Por lo tanto, el pleno empleo no es lo que solía ser – y las tasas de interés, según sostienen varios economistas, no están tan bajas como parecen. Eso es debido a que el grado de estímulo monetario se mide mejor como la brecha entre las tasas de interés actuales y la llamada tasa de interés neutral – la tasa hipotética que ni suma ni resta de la demanda. En los Estados Unidos, la tasa neutra estimada ha tendido a bajar, según la Fed, y ahora se sitúa entre el 2 y el 3 por ciento, en lugar del 4 por ciento o más. Esto implica que el grado actual de estímulo es 1 a 2 puntos porcentuales menor de lo que parece.

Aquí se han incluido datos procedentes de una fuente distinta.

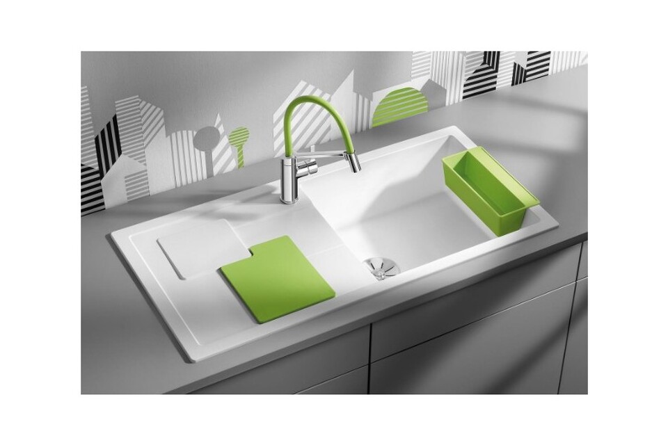 Данная модель оснащена аксессуарами цвета киви, которые входят в комплект. Их форма достаточно нетривиальна и вписывается в общую конструкцию изделия. Например, многофункциональная гибкая разделочная доска SITYPad идеально дополняет линии крыла и позволяет быстро нарезать продукты. А коландер SITYBox является отличным местом для хранения. В неё можно поместить средства для мытья, например, губки, щётки и гели. Эти аксессуары можно мыть в посудомоечной машине, поскольку они выдерживают воздействие высоких температур до 100 градусов.
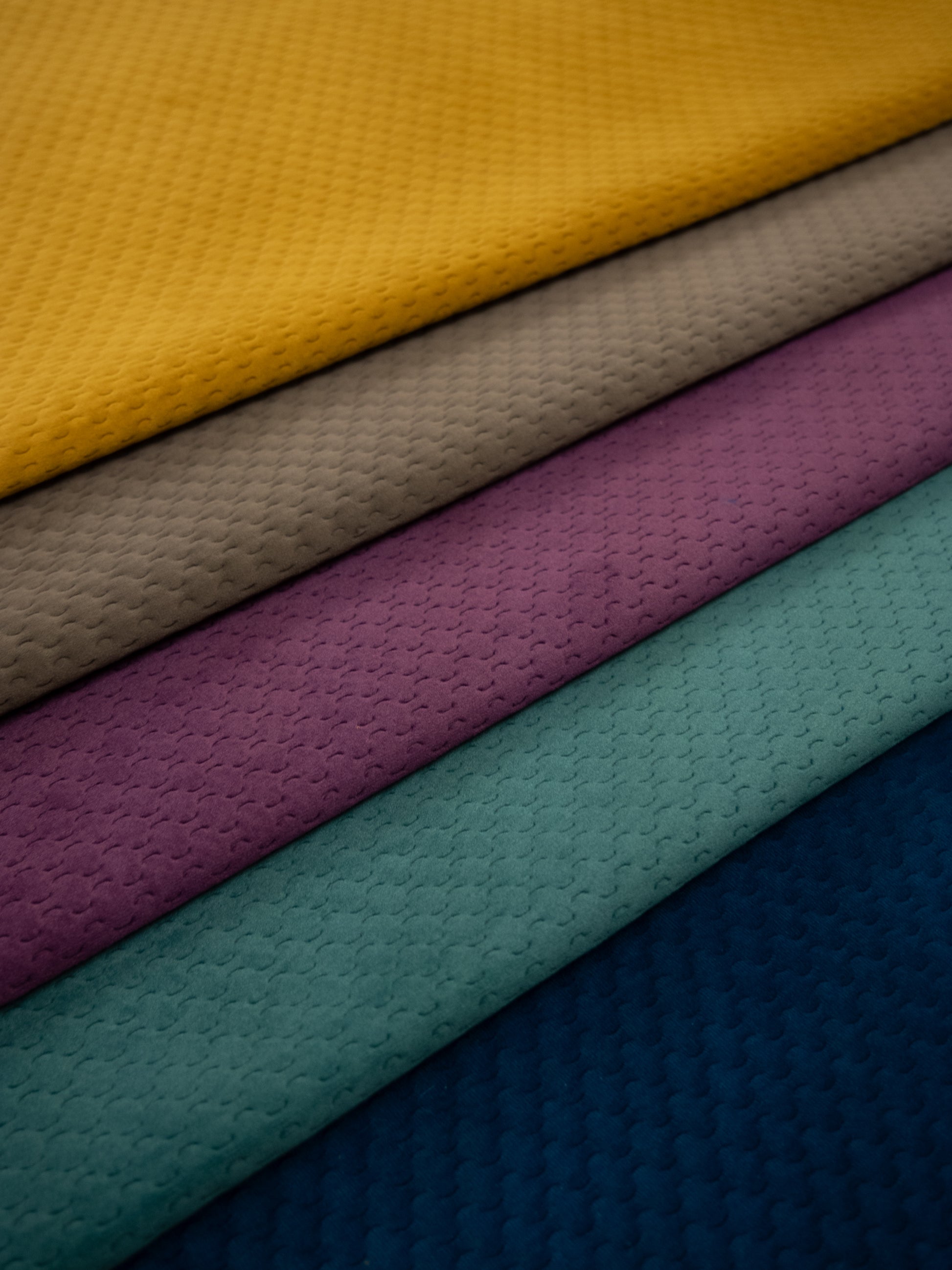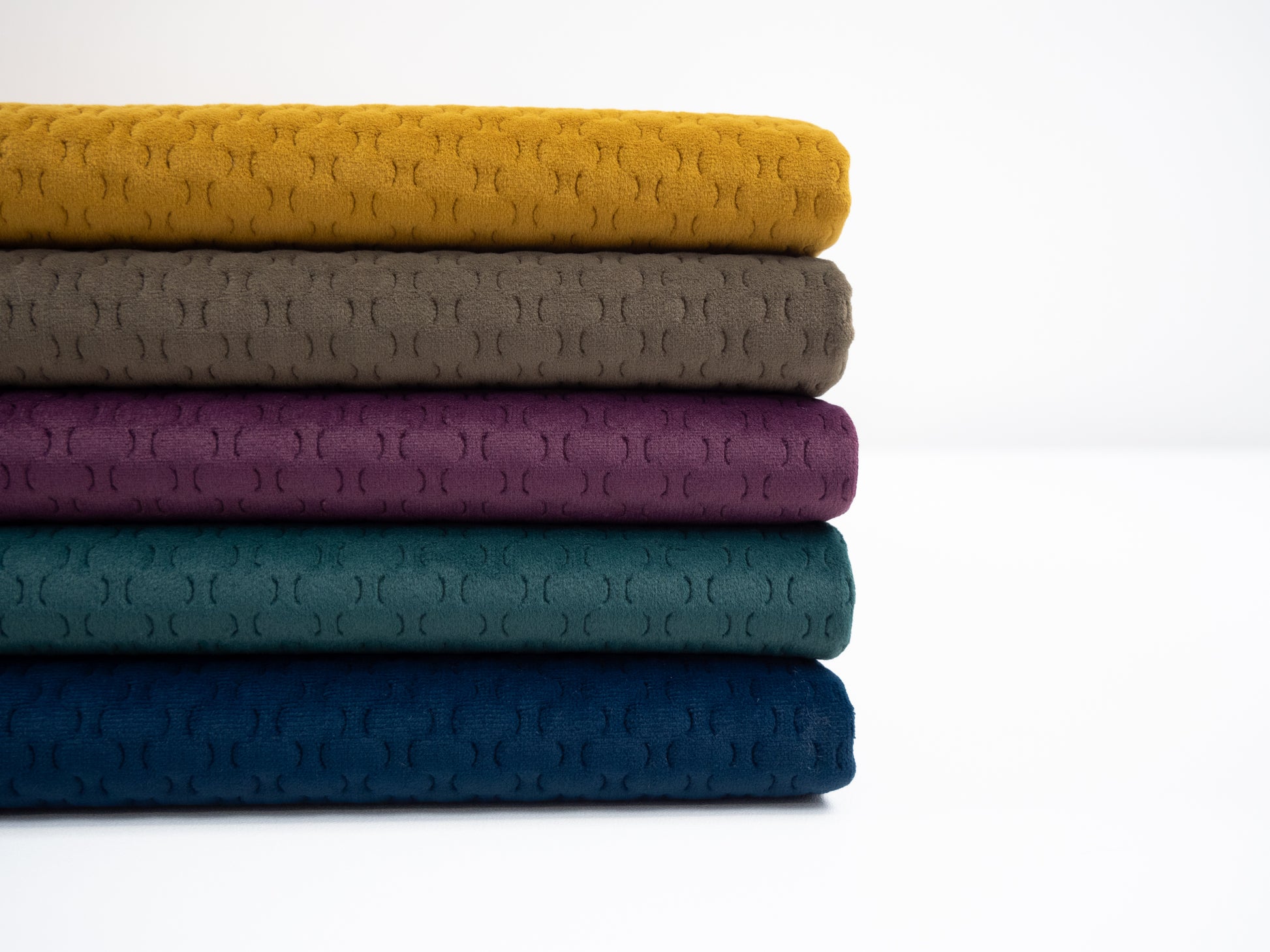 Caracas hat ein Gewicht von ca. 450 g/m², ist 140 cm breit und besteht aus 100 % Polyester – dadurch ist er sehr pflegeleicht, formstabil und einfach toll im Griff.

El razonamiento a lo largo de estas líneas se podría utilizar no solo para dejar la tasa de los fondos federales sin cambios, también serviría para recortarla – tal como argumentó recientemente el ex miembro del Comité Federal de Mercado Abierto (FOMC, por sus siglas en inglés) Narayana Kocherlakota. No obstante, cualquiera de estos cursos de acción, sería un error.

Lo que este tipo de análisis no considera es la creciente amenaza para la futura estabilidad financiera. Las tasas de interés demasiado bajas (junto a los balances masivamente ampliados del banco central, cortesía de la flexibilización cuantitativa) han respaldado la demanda según lo previsto, aunque con una eficacia cada vez menor; Sin embargo, al mismo tiempo, han impulsado artificialmente los precios de los activos financieros y distorsionado los patrones normales de la toma de riesgos en los mercados financieros.



Estas distorsiones son el costo inevitable de un estímulo de emergencia. La emergencia ha terminado. La reducción y posterior erradicación de los estímulos debe convertirse en una de las prioridades principales.

Esta es una de las cosas que la Fed puede tener clara sobre esta semana. En vista de que la cifra de desempleo se encuentra por debajo del 5 por ciento, el retiro gradual de los estímulos monetarios es adecuado. La Fed también debería decir lo mismo –y debería demostrarlo al elevar las tasas–.